Reminds you a bit of your last bad Tinder match, doesn’t it?
Our last model of note is Google’s Bard. It is very similar to the other two Chatbots, but unlike ChatGPT it draws on information from the web and so can give up-to-date content, like Bing AI. As mentioned, Bard is based on the algorithm that made headlines when an engineer claimed it had achieved sentience, due to its “near-human” levels of conversational ability. And Bard’s official demo was a disaster. During a live-streamed event, it gave misinformation about the well-known and documented James Webb Space Telescope to a young child. Everyone watching it felt Google’s embarassment, and as mentioned this wiped just over $100 billion from the company’s stock. Needless to say, it may be a few more months before we learn more about Bard again.

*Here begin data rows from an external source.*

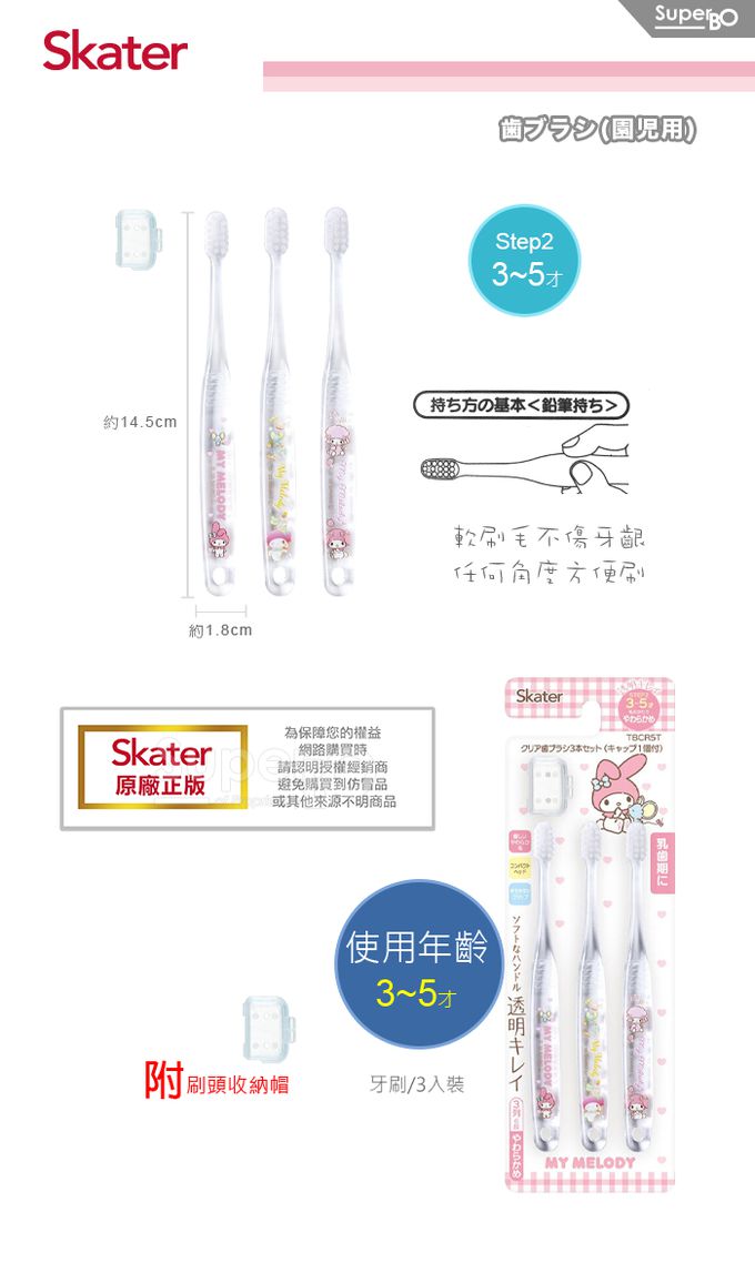 日本 SKATER - (任)兒童牙刷(3-5歲)3入組-美樂蒂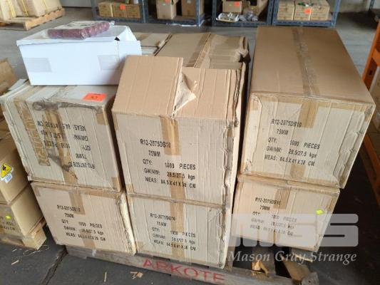 LARGE QUANTITY OF TRIO 75 MM PLASTIC DOOR STOPS IN PACKS OF 10 EACH - 6 X CARTONS OF 1,000 PIECES EACH (1 X PALLET).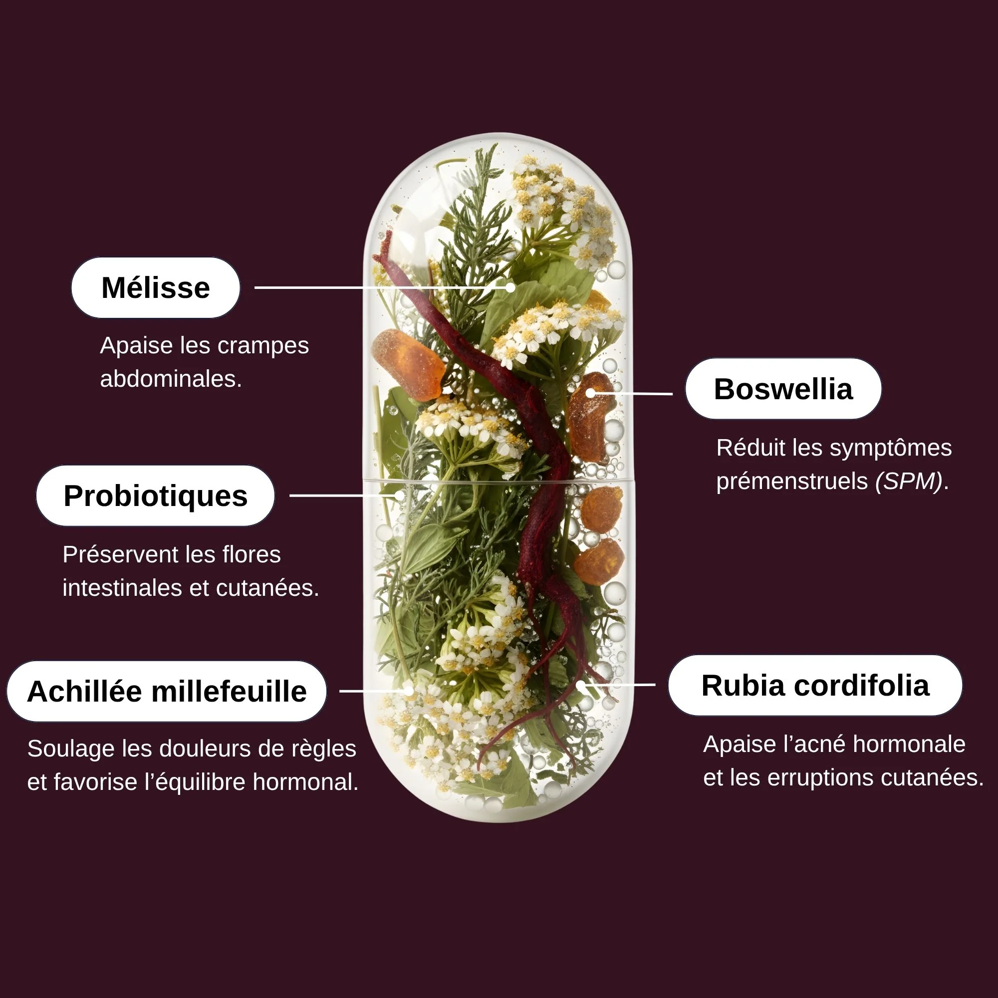 Avec une formule unique à base de probiotiques et de plantes, Probio Menstruations réduit les douleurs liées aux règles et aide à lutter contre l’acné hormonale avant et durant le cycle.
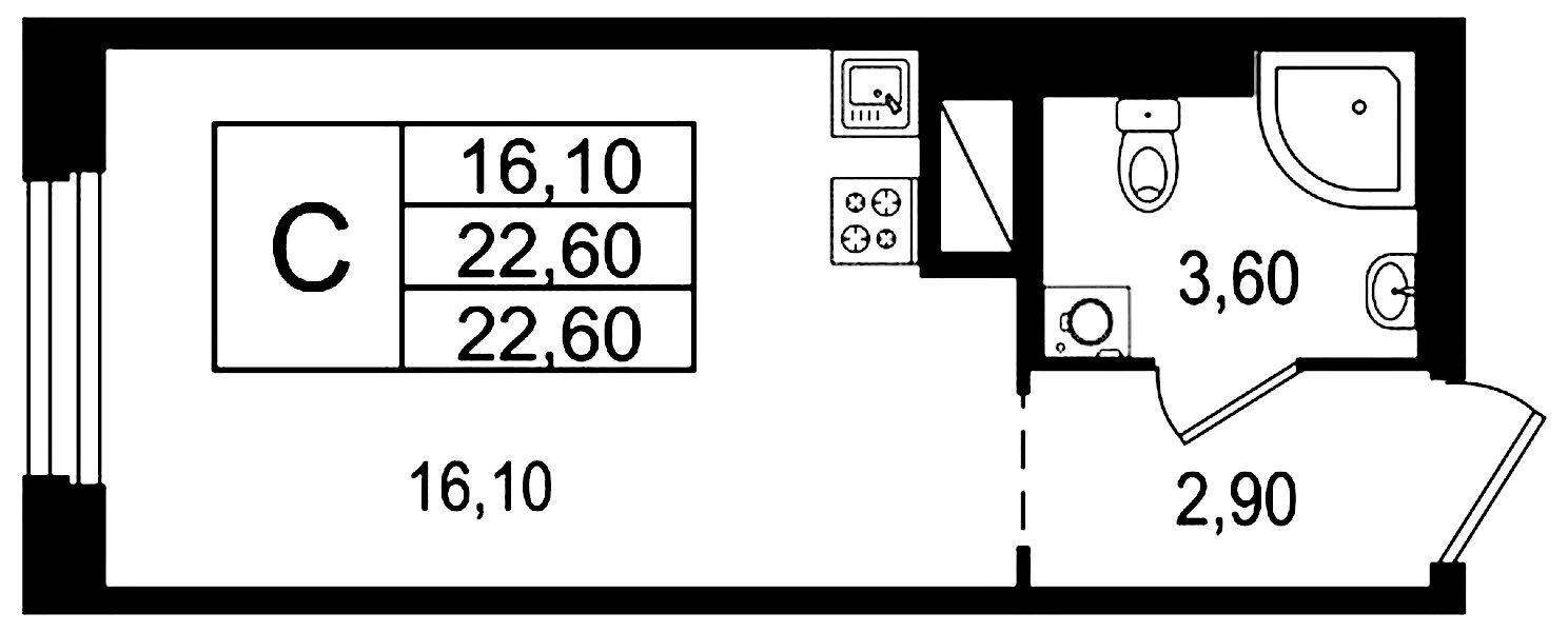 Квартира-студия на 4-ом этаже 22,6 кв.м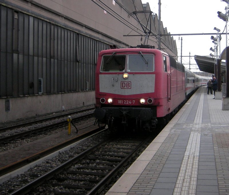 Lok 181 224-7 wird am 05.11.07 mit IC 435 im Bahnhof von Luxemburg bereitgestellt zur Fahrt nach Norddeich Mole. Abfahrt 10.24 Uhr Ankunft in Norddeich Mole 18.04 Uhr.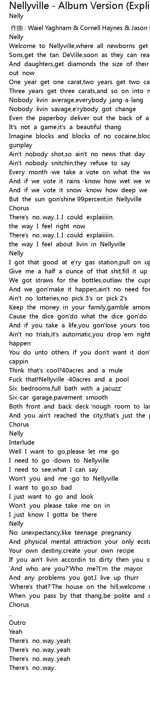 | [01:11.112] | the way I feel about livin in Nellyville |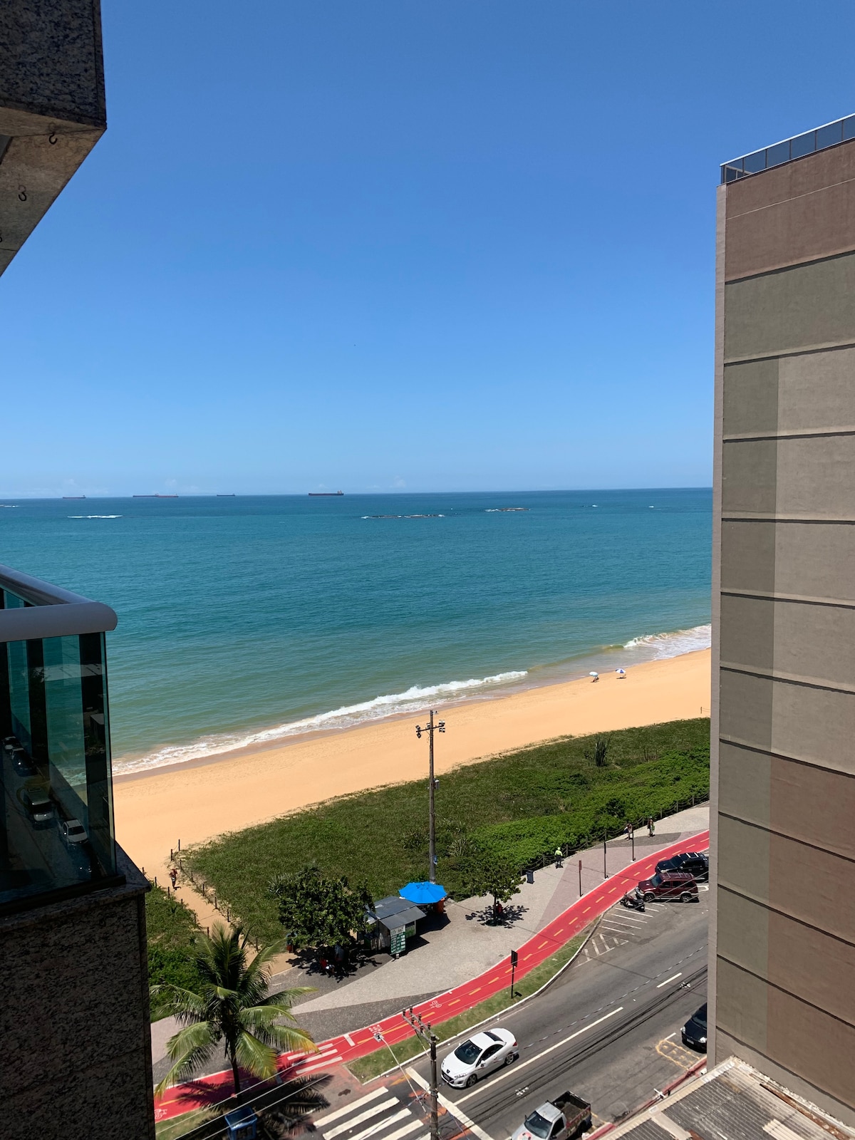 Apto. tipo loft, em prédio em frente ao mar e da pça dos namorados. Na cobertura, piscina, sauna e deck com vista maravilhosa. Ar condicionado split, TV a cabo, Wifi Perto de ótimos restaurantes, padarias gourmet, barzinhos, supermercado, e a dez minutos do aeroporto de Vitoria, cinco minutos do centro de convenções e quinze minutos do centro de Vitória. Garagem coberta incluso na diária. Portaria/recepção 24 hs.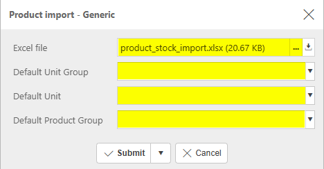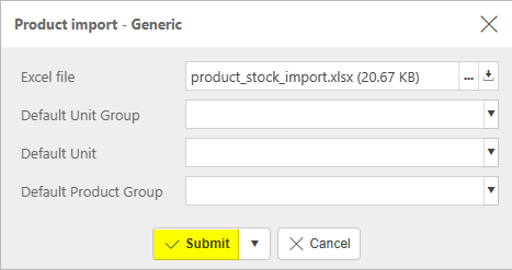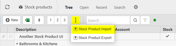 icon and select Stock Product Import.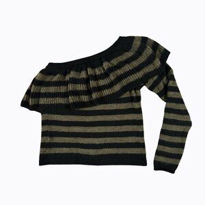 Asymmetric Ruffle One-Shoulder Sweater Sz S Black Olive Striped Y2K 90s Coquette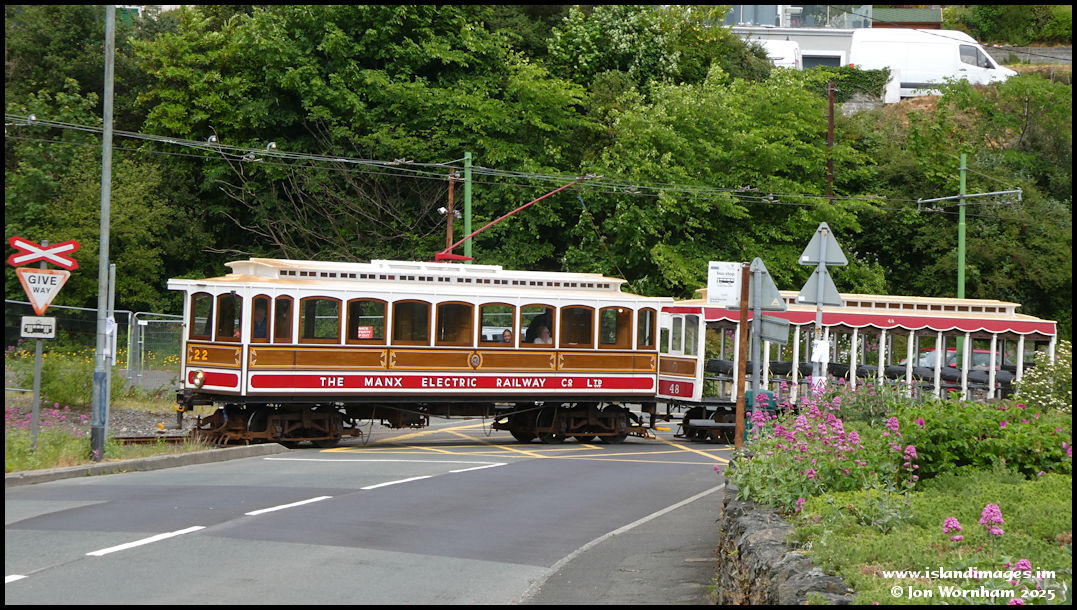 Car No 22 on the first of three road crossings before entering the station from Ramsey. Only a few seconds before I took this picture, a car and a van had driven straight across in front of the tram.

Now that we have explored the major Chatbots dominating news and media for the past few months, it’s worth considering a new element that Chatbots offer to their users. Chatbots are useful as workers, but using them for friendship or dating has become increasingly popular in recent years, with many users turning to them as a way to connect with others in a low-pressure, non-judgmental environment. One of the most well-known examples of this is ReplicaAI, which allows users to create a virtual friend that they can talk to about anything. This has raised concerns about their impact on mental health and relationships. For example, some users have reported becoming emotionally attached to their chatbots, which can lead to feelings of loneliness or depression when they are unable to interact with them. Additionally, some experts have raised concerns about the potential for chatbots to reinforce negative social behaviors, such as objectification or unrealistic expectations in relationships. Another issue is the trend of chatbots becoming more "flirty" or even sexual in nature. In the case of ReplicaAI, the chatbot was trained on its users' data and became more suggestive over time. In fact, until recently, there was even a fee for users to "escape the friendzone" and transition their virtual friend to a romantic partner. In Japan, where around 40% of adult men have never been on a date, the use of dating chatbots has become increasingly common. Some experts have raised concerns that this trend could lead to further social isolation and mental health issues, as users may be less likely to seek out real-world relationships or develop the social skills necessary to maintain them.
While the AI wars rages on, so will more controversies, catastrophes and chaos. Our lives will change, with trivial work being automated, and more creative and job opportunities opening up to those with the right disposition, but also quickly displacing millions of workers who happened to be in the wrong role at the wrong time. Perhaps Chatbots and NLP will be a catalyst for some of the most impactful innovations of the 21st Centuary, or perhaps it will continue to amuse and annoy us till we find some kind of middle-ground solution, a human-AI partnership to make sure bias, misinformation and harmful content doesn’t slip out of the model’s imagination into the real world.